Strengths of our work include segmentation of the four ventricles in clinical scans evaluated in multi-center data and more than 1000 scans. We introduced a multi-atlas registration framework based on this segmentation algorithm, and employed it to compute more accurate maps of WMH burden.

No single registration tool, or set of registration parameters, will perform best on all types of image qualities or sequences. By implementing an automated registration assessment step in large scale image analyses, it becomes feasible to test multiple registration pipelines and select the registration with the best performance. This can increase the number successful registrations, and potentially increase the sample size of a study without the need for time intensive manual quality assessment.

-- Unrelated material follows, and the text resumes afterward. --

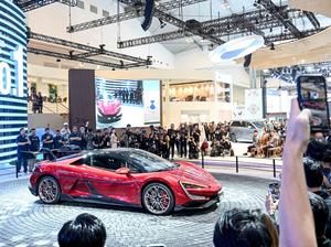 (250723) -- TANGERANG, 23 julio, 2025 (Xinhua) -- Personas visitan el estand de la marca de automóviles china Denza durante...

In this work, we demonstrated the utility of an automated tool for assessing image registration quality in clinical scans. Importantly, in addition to extracting an additional phenotype from clinical scans – namely the ventricle volume – this image quality assessment step can be implemented in large-scale, automated processing pipelines of clinical MRI data, increasing the utility of such pipelines and offering improved quality of subsequent analysis, ultimately assisting in the translation of such pipelines to the clinic.

Highlights:

  • A deep learning network to segment the full ventricular system in clinical MRI.

  • Automated assessment of registration quality using ventricle overlap.

  • A multi-atlas registration framework using age-specific atlases.

  • Evaluation on 935 clinical scans including multi-center data of 12 sites.

  • The proposed registration quality metric can be used to refine maps of lesion burden.

6. Acknowledgements

This project has been in part supported by the Foundation “De Drie Lichten” in the Netherlands (F.D.); The Netherlands Organisation for Health Research and Development (ZonMw) Project 104003005 (M. de B.); the European Union’s Horizon 2020 research and innovation programme under the Marie Sklodowska-Curie grant agreement No 753896 (M.D.S.); the NIH-NINDS K23NS064052, R01NS082285, and R01NS086905 (N.S.R.); American Heart Association/Bugher Foundation Centers for Stroke Prevention Research and Deane Institute for Integrative Study of Atrial Fibrillation and Stroke (N.S.R.). We gratefully acknowledge the support of NVIDIA Corporation with the donation of the Titan V GPU used for this research.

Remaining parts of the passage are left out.